## [TASK INPUT]
···

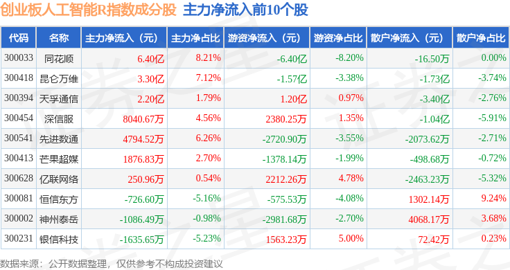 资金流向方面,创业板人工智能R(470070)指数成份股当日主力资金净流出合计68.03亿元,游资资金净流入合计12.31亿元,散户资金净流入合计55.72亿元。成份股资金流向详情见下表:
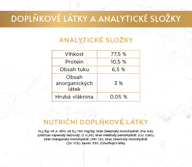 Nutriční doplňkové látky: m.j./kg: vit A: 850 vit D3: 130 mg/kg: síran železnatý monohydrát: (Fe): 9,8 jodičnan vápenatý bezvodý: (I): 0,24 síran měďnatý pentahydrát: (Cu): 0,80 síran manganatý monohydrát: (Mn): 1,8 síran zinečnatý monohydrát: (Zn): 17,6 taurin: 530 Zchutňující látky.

···

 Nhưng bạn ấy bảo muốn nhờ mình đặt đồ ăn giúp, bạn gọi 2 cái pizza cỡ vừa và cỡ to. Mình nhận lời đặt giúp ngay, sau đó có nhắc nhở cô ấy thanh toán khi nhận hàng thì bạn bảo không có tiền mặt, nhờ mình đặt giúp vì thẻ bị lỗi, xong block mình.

···

## [WORK TASK]
Of the lines above, copy only those from the one holding "资金流向方面,创业板人工智能" to the one holding "Nutriční doplňkové látky: m.j./kg: vit", both included, and exclude every image.

## [TASK SOLUTION]
 资金流向方面,创业板人工智能R(470070)指数成份股当日主力资金净流出合计68.03亿元,游资资金净流入合计12.31亿元,散户资金净流入合计55.72亿元。成份股资金流向详情见下表:
 Nutriční doplňkové látky: m.j./kg: vit A: 850 vit D3: 130 mg/kg: síran železnatý monohydrát: (Fe): 9,8 jodičnan vápenatý bezvodý: (I): 0,24 síran měďnatý pentahydrát: (Cu): 0,80 síran manganatý monohydrát: (Mn): 1,8 síran zinečnatý monohydrát: (Zn): 17,6 taurin: 530 Zchutňující látky.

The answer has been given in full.